Ocean Observation
Observational data from the ocean are of elementary importance for understanding the complex climate system of the present with its multilayered interactions between a multitude of components. They are also needed for quality control and as initial and boundary conditions for high-resolution climate simulations. At GEOMAR and its predecessor institutes, new measurement methods have been developed and data from all parts of the world ocean have been intensively collected and analyzed for more than 80 years. GEOMAR researchers maintain long-term observation stations such as moorings in the tropical and subpolar Atlantic, but also in Boknis Eck in the Eckernförde Bay, where one of the world's longest time series stations is operated.

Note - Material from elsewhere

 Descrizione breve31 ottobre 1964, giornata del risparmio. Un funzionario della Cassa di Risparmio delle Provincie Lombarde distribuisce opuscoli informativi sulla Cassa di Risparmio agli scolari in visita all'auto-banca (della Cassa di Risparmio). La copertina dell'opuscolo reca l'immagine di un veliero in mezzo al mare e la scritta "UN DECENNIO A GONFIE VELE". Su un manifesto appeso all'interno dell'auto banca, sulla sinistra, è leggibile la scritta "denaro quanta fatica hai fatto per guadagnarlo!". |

Fotostory: The Evolution of Ocean Observation
A worldwide observation network for atmospheric and ground-level data has existed since the 19th century. With the introduction of satellite measurements, not only punctual but also global information from all atmospheric layers can be obtained since the end of the 1970s. Photo: Maintenance of a meteorological buoy during the JASIN expedition in 1978, GEOMAR archive.

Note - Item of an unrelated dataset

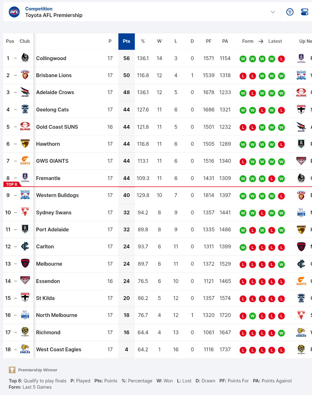 Sydney is the next team up and they are now only 2 games behind thanks to this week’s clutch road win over St. Kilda. Port Adelaide is also only two games behind after beating West Coast.

However, measurement data from the interior of the ocean are more difficult to obtain. Since satellites can only explore the ocean surface, one had to rely on ship-based measurements. Outside the routes of merchant ships, which were often equipped with simple measuring techniques, data could only be obtained with the help of research vessels. Photo: Launching a current meter from aboard the RFD Poseidon in the early 1930s, GEOMAR archive.
As part of the internationally coordinated WOCE (World Ocean Circulation Experiment) research program, an effort was made over a ten-year period in the late 1980s to gather as much information as possible about the mean state of the oceans. Graphic: Cross-section through the Atlantic Ocean from 54 degrees south to 64 degrees north with oxygen content data from WOCE Section A16.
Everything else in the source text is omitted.